Monday, 21 July 2008 19:20:35 (GMT Daylight Time, UTC+01:00)
A little confused about something. The SLA claims 99.9% uptime but you calculate the threshold at 99% uptime. By my calculations, 99.9% uptime per year works out to just shy of nine hours per year or 45 minutes/month. Were you calculating based on the 25% refund threshold?
Tuesday, 22 July 2008 00:00:23 (GMT Daylight Time, UTC+01:00)
Amen. I had a job where a server went down for 2 hours and my manager came to me complaining that I was supposed to guarantee 95% uptime due to my contract and to get it online stat (like I wasn't already working on it). I didn't think at the time that pointing out it could be offline another 17 days was going to help my case though.

It's a pretty ridiculous thing to offer any % figure - it'd be more preferable if it also had a guarantee of never being unaccessible for more than 30 mins in any given downtime scenario, etc.
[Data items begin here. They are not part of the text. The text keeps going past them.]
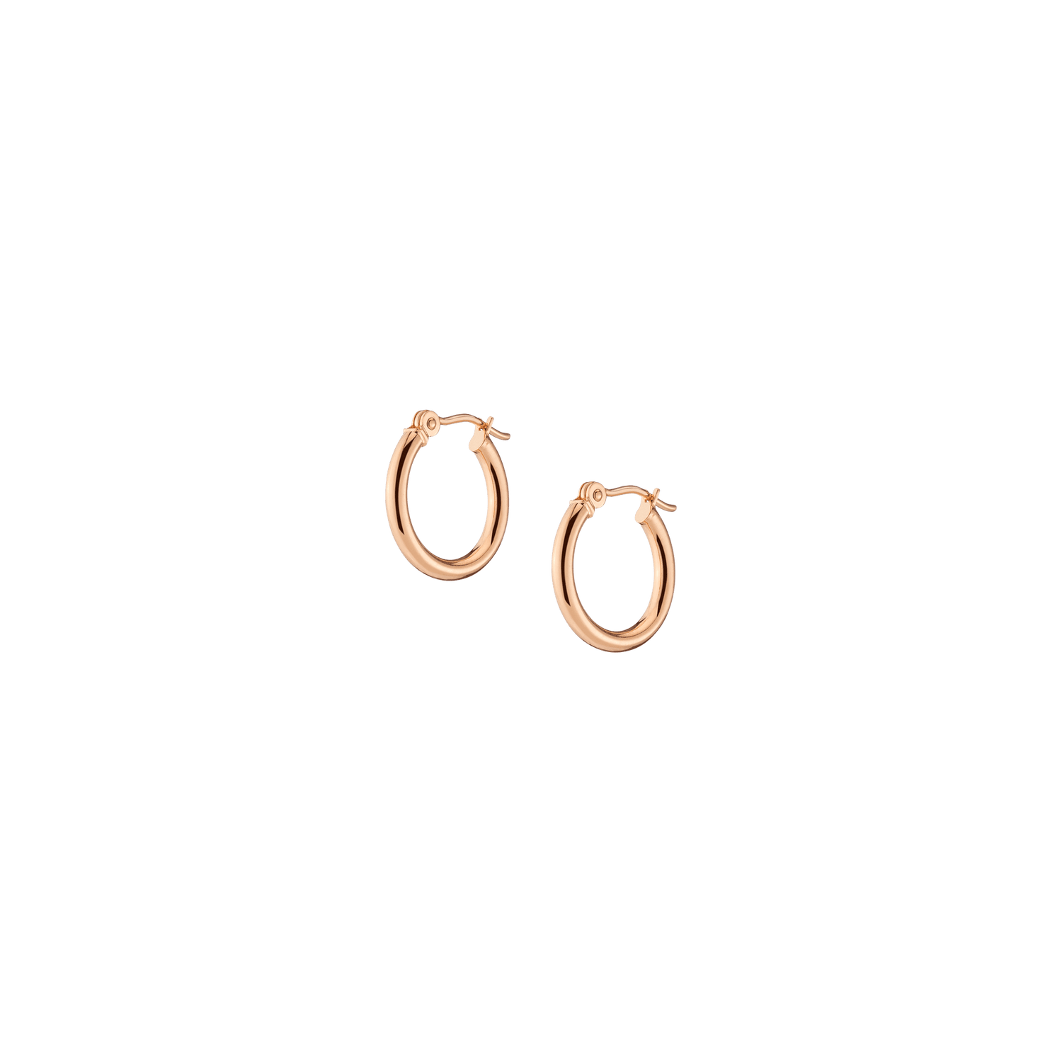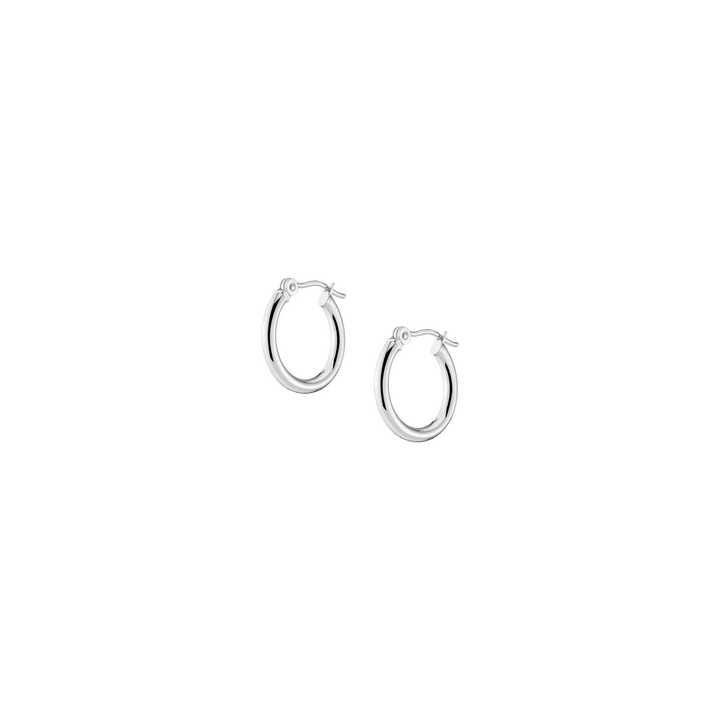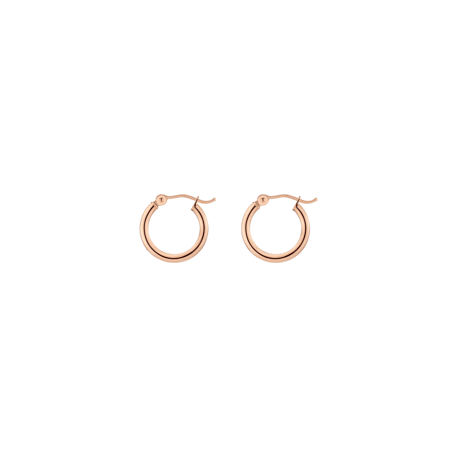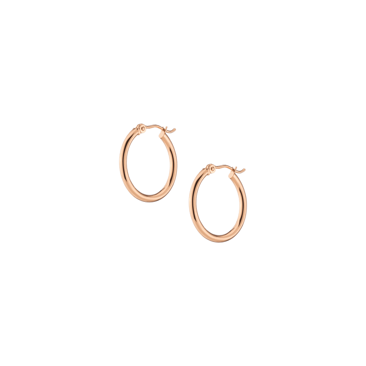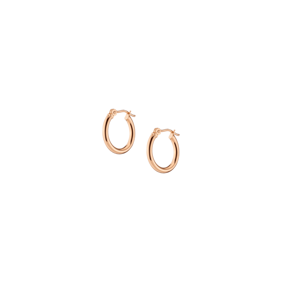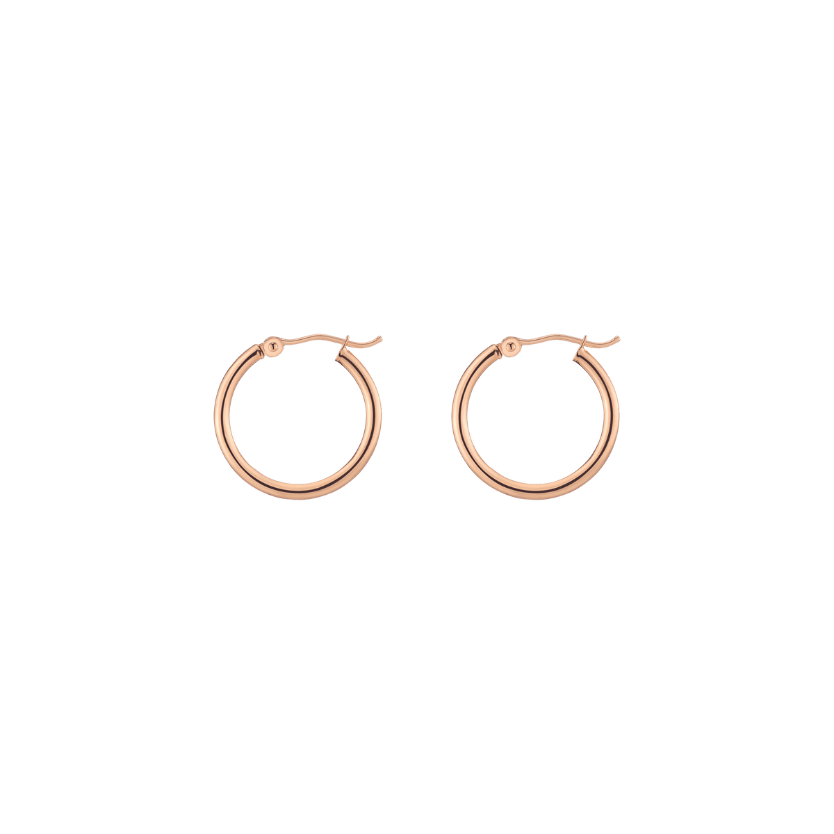 Hollow hoops in 14k gold alloy, 2mm width and thickness. Available diameters: 15mm (0.9g), 20mm (1.1g), 25mm (1.2g), 30mm (1.4g), 40mm (1.7g), 50mm (2.9g), 60mm (3.5g). Hinge post with secure latch.
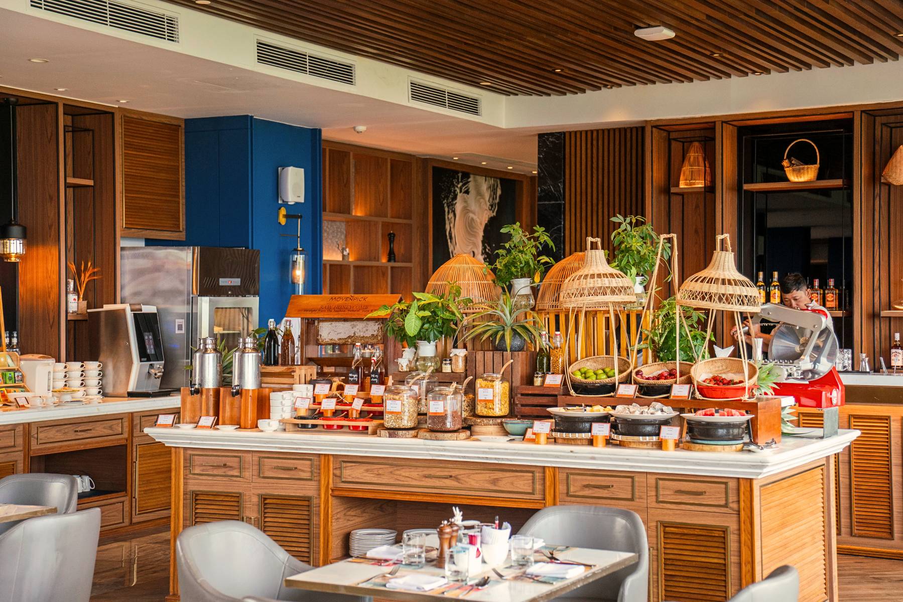 Perched on the 8th floor of Mövenpick Resort Waverly Phu Quoc, Altitude 8 – Sky Bistro invites you to an elevated dining experience, where the boundless sky meets the serene sea. From sunrise to sunset, every moment here is framed by breathtaking panoramic views and a refined sense of tranquility.
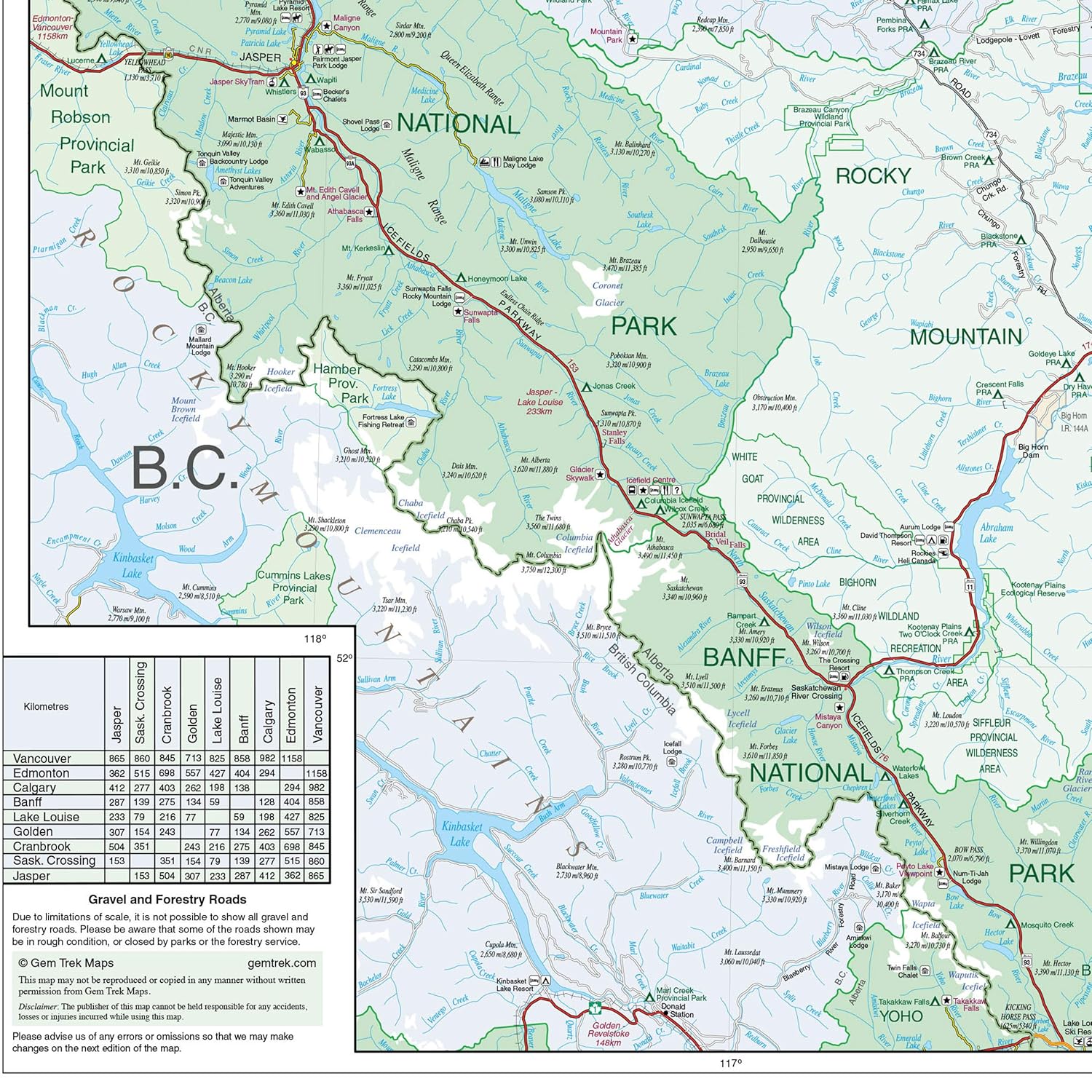- Wegenkaart - landkaart 02 Canadian Rockies Banff & Jasper | Gem Trek Maps

But again, any provider would have issues with never having downtime - you'd wonder how much it would cost to provide a backup to their service at any given time.
Andrew Tobin
Tuesday, 22 July 2008 04:17:20 (GMT Daylight Time, UTC+01:00)
99.999% != 8 hours of downtime a month .... fuzzy math there .... naija boy
anonymous
Tuesday, 22 July 2008 05:10:42 (GMT Daylight Time, UTC+01:00)
Kyle,
99% uptime comes from the statement by Richard MacManus on ReadWriteWeb which is excerpted above.

Anonymous,
I'm confused, where do you see 99.999% uptime anywhere in my post?
Tuesday, 22 July 2008 20:05:40 (GMT Daylight Time, UTC+01:00)
My mistake. I see the issue now. But still, according to the SLA, customers should be able to get at least a 10% refund for this, yesno?
Wednesday, 23 July 2008 10:20:35 (GMT Daylight Time, UTC+01:00)
i hope our server never running down...
Wednesday, 23 July 2008 16:13:16 (GMT Daylight Time, UTC+01:00)
I agree about the overdone proclamations of doom and said as much here:

http://news.cnet.com/8301-1001_3-9995937-92.html

For one thing, the reliability of cloud computing services must be compared not just to 0% downtime but also to the downtime of running your own IT.